EXERCISE DIRECTIONS
Transcribe exactly, leaving out pictures, the lines from the one that holds "大家好,小高來為大家解答以上" through the end of the data below, including both end lines and no others.

(Data excerpts)
================================
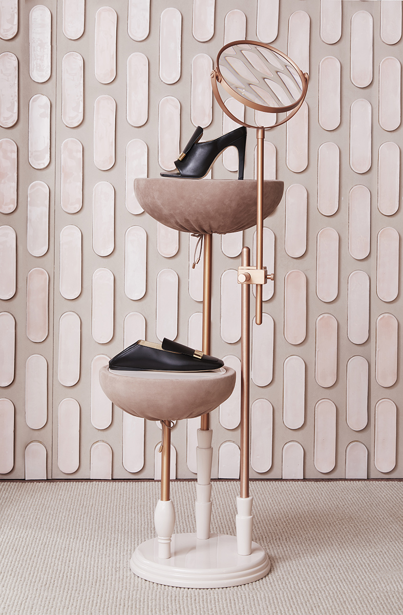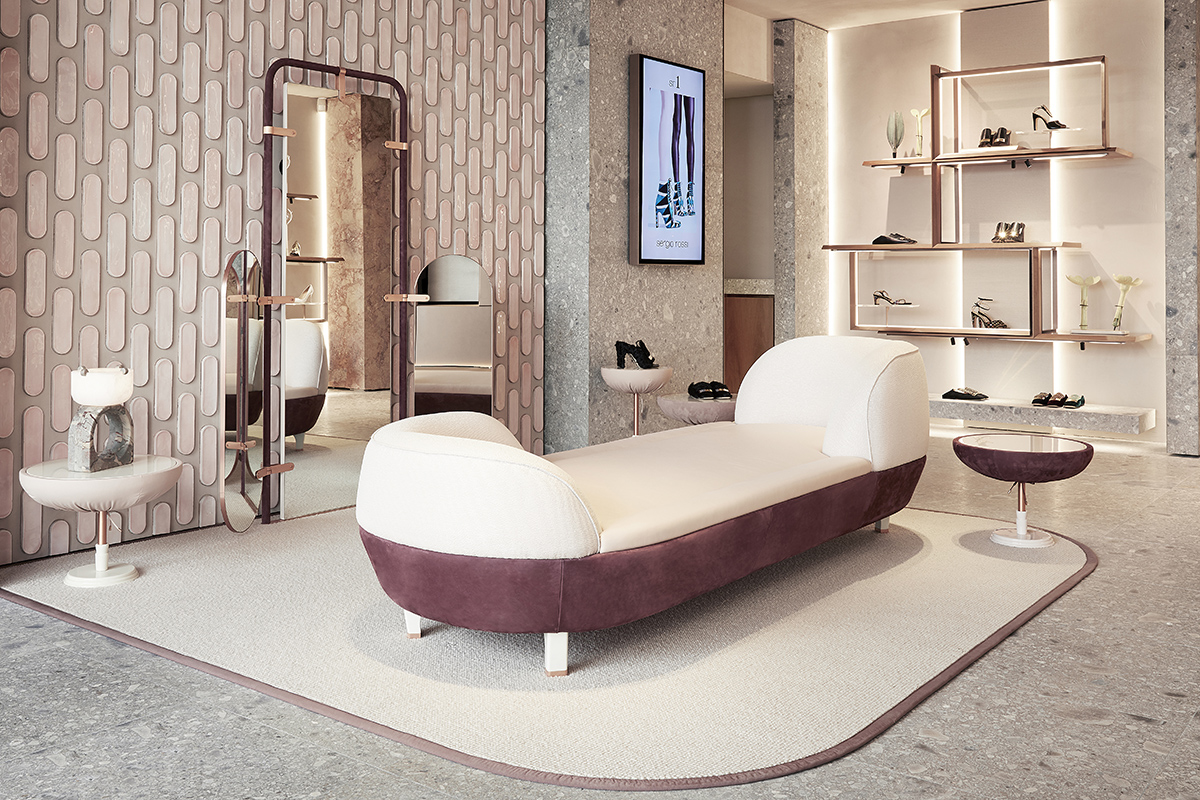 Au sein du concept mis au point par l’architecte Costanzi, Cristina Celestino a créé pour Sergio Rossi la décoration intérieure et une collection de mobilier inspirée par une recherche profonde sur les racines de la marque historique ainsi que sur sa nouvelle orientation sr1.
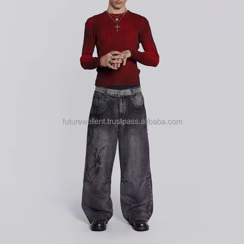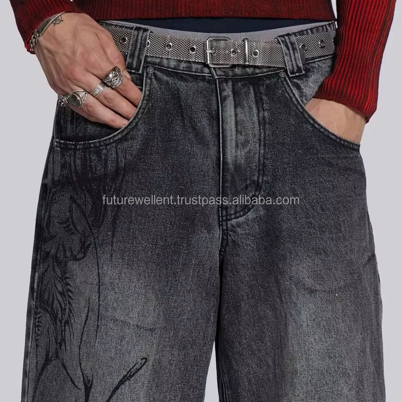 Custom Men's Baggy Streetwear Loose High Waist Oversize Wide Leg Black Denim Pants Washed Jeans For Hip Hop For Winter Spring
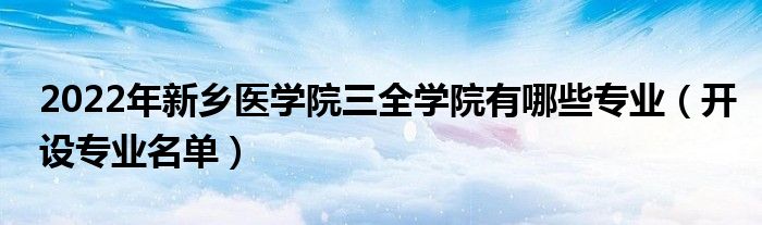 大家好,小高來為大家解答以上問題。2022年新鄉(xiāng)醫(yī)學院三全學院有哪些專業(yè),開設專業(yè)名單很多人還不知道,現(xiàn)在讓我們一起來看看吧!
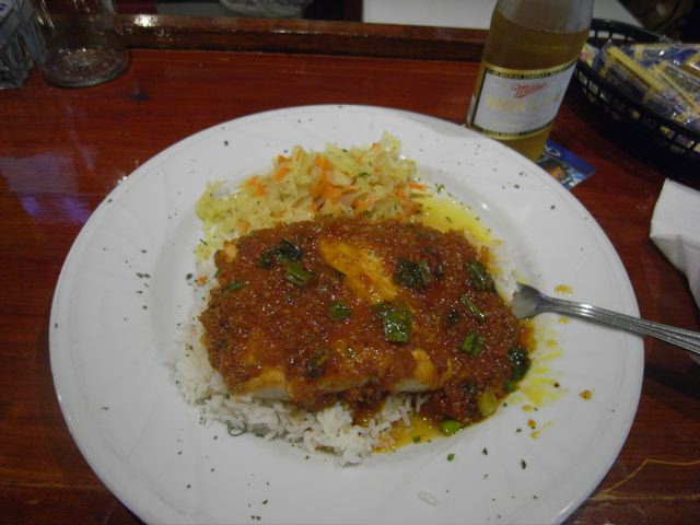 ふらふらっとダウンタウンを散歩して、適当な店に入った。すすめられたのは、サーモンのタイ風グリル。普通に美味しかった。
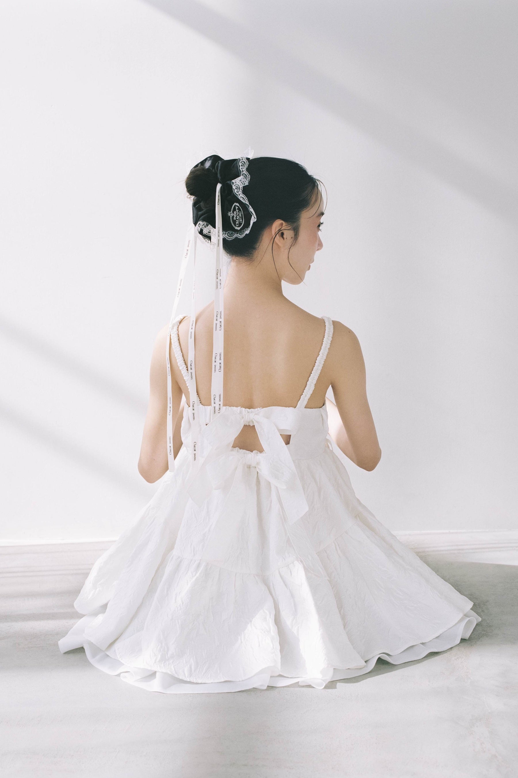 バックスタイルには長めのレースリボンをあしらい、トレンド感をプラスしました。
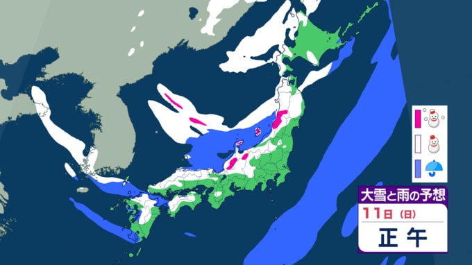 11日(日)朝までには、日本海に強力な雪雲の帯「JPCZ」が発生し、東北地方の日本海側に流れ込む見込みです 。
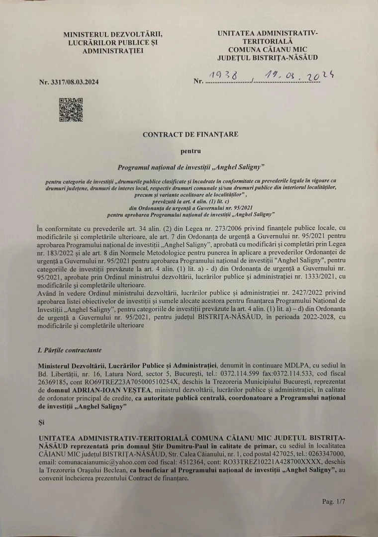 8,7 kilometri de drumuri se vor mai asfalta în comuna Căianu Mic. Contractul de finanțare a fost semnat.
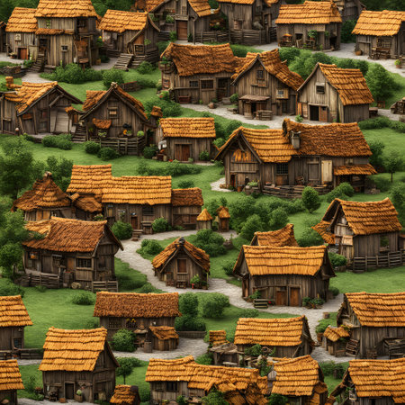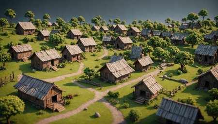 A small village nestled among the hills, with simple wooden houses and lush green foliage
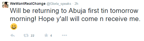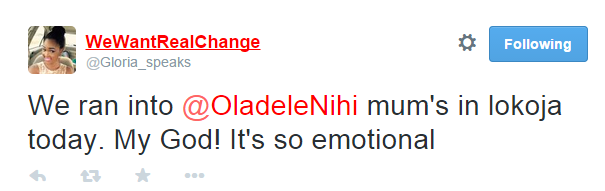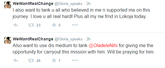 Gloria made headlines yesterday when she joined staunch President Jonathan’s supporter, Oladele John Nihi, and vowed to trek to Otuoke from Abuja. Sadly, she has called off her trek because her parents are so worried. Tweets and more photos of her at her last stop in Lokoja with John and his mum continue below…
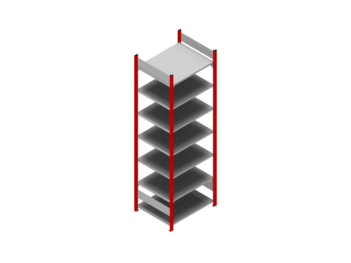 rayonnage de base avec 2 échelles, traverses raidisseuses et plateaux conf. à l’offre
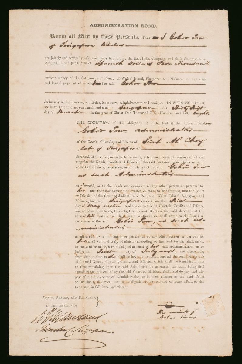 This is the petition of Gohoo Tow of Singapore concerning the administration of the estate of Siah Ah Choy. It is part of a collection of legal documents from the 19th and early 20th centuries which provides a glimpse into the work of the notable personalities who left their mark on Singapore’s legal history, and the economic and other transactions undertaken by ordinary immigrants in 19th century Singapore that tell stories of misfortune and indebtedness which would otherwise have disappeared from history.
================================
WRITTEN ANSWER
 大家好,小高來為大家解答以上問題。2022年新鄉(xiāng)醫(yī)學院三全學院有哪些專業(yè),開設專業(yè)名單很多人還不知道,現(xiàn)在讓我們一起來看看吧!
 ふらふらっとダウンタウンを散歩して、適当な店に入った。すすめられたのは、サーモンのタイ風グリル。普通に美味しかった。
 バックスタイルには長めのレースリボンをあしらい、トレンド感をプラスしました。
 11日(日)朝までには、日本海に強力な雪雲の帯「JPCZ」が発生し、東北地方の日本海側に流れ込む見込みです 。
 8,7 kilometri de drumuri se vor mai asfalta în comuna Căianu Mic. Contractul de finanțare a fost semnat.
 A small village nestled among the hills, with simple wooden houses and lush green foliage
 Gloria made headlines yesterday when she joined staunch President Jonathan’s supporter, Oladele John Nihi, and vowed to trek to Otuoke from Abuja. Sadly, she has called off her trek because her parents are so worried. Tweets and more photos of her at her last stop in Lokoja with John and his mum continue below…
 rayonnage de base avec 2 échelles, traverses raidisseuses et plateaux conf. à l’offre
 This is the petition of Gohoo Tow of Singapore concerning the administration of the estate of Siah Ah Choy. It is part of a collection of legal documents from the 19th and early 20th centuries which provides a glimpse into the work of the notable personalities who left their mark on Singapore’s legal history, and the economic and other transactions undertaken by ordinary immigrants in 19th century Singapore that tell stories of misfortune and indebtedness which would otherwise have disappeared from history.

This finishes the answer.